Wireless sensor networks are applicable for sensing data from any given environment; in order to guarantee the survival and persistence of any network data, either external storage or robust distributed in-network storage mechanisms can be utilized. To guarantee data persistence, previous works have relied on external storage. However, robust distributed in-network storage methods have been shown to be more efficient for wireless sensor networks. Some reasons that make in-network storage more practical include: • For high-duty cycle applications, the data sensing rate is much higher than the rate sensor nodes can upload data to an external storage system. • In-network processing of data sensed in the network would be infeasible if all data must be stored outside the network.

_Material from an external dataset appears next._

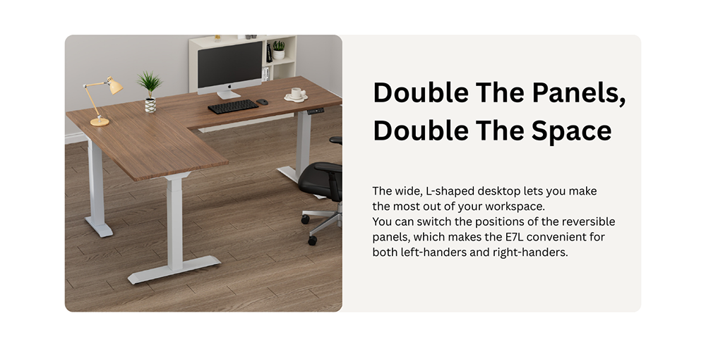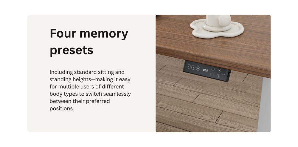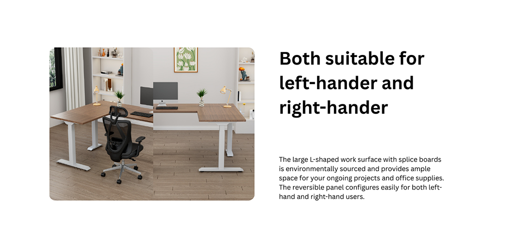 The large L-shaped work surface is environmentally sourced and provides ample space for your ongoing projects and office supplies. The reversible panel configures easily for both left-handed and right=handed users. The adjustable height desks control panel includes 4 memory presets and sitting and standing heights, making it easy for multiple users or different body types to switch seamlessly between their preferred positions.

Data recovery in distributed in-network storage pertains to the partial or full recovery of any data stored in the network. This thesis presents the following research-contributions to the theory and practice of data recovery for distributed in-network storage in wireless sensor networks. • We propose a decentralized (n, k)-MDS coding mechanism with minimum overhead in communication. Using a progressive data retrieval scheme, a data collector contacts only the necessary number of storage nodes needed to guarantee data integrity. The scheme gracefully adapts the cost of successful data retrieval to the number of storage node failures. • The issue of energy-efficient data recovery in wireless sensor networks, with the objective of minimizing energy expenditure and thereby maximizing network lifetime, is considered in detail. We formally prove the NP-hardness of finding the optimal set of source nodes and optimal routes for offline data recovery in general networks. Moreover, we devise an optimal polynomial algorithm for acyclic networks. • We consider data recovery with minimal energy costs as nodes fail in an unknown sequence. In particular, we propose algorithms to maximize the network recovery capacity—the total number of successful data recoveries until an insufficient number of nodes exist to reconstruct the original data. We propose an online polynomial-time algorithm, which is within a constant approximation ratio of the optimal oracle algorithm; the oracle has complete knowledge of failures patterns. We propose a more computation-efficient polynomial-time algorithm, which is also within a constant approximation ratio of the optimal in acyclic networks. Our simulation results show that this algorithm performs well even in general networks.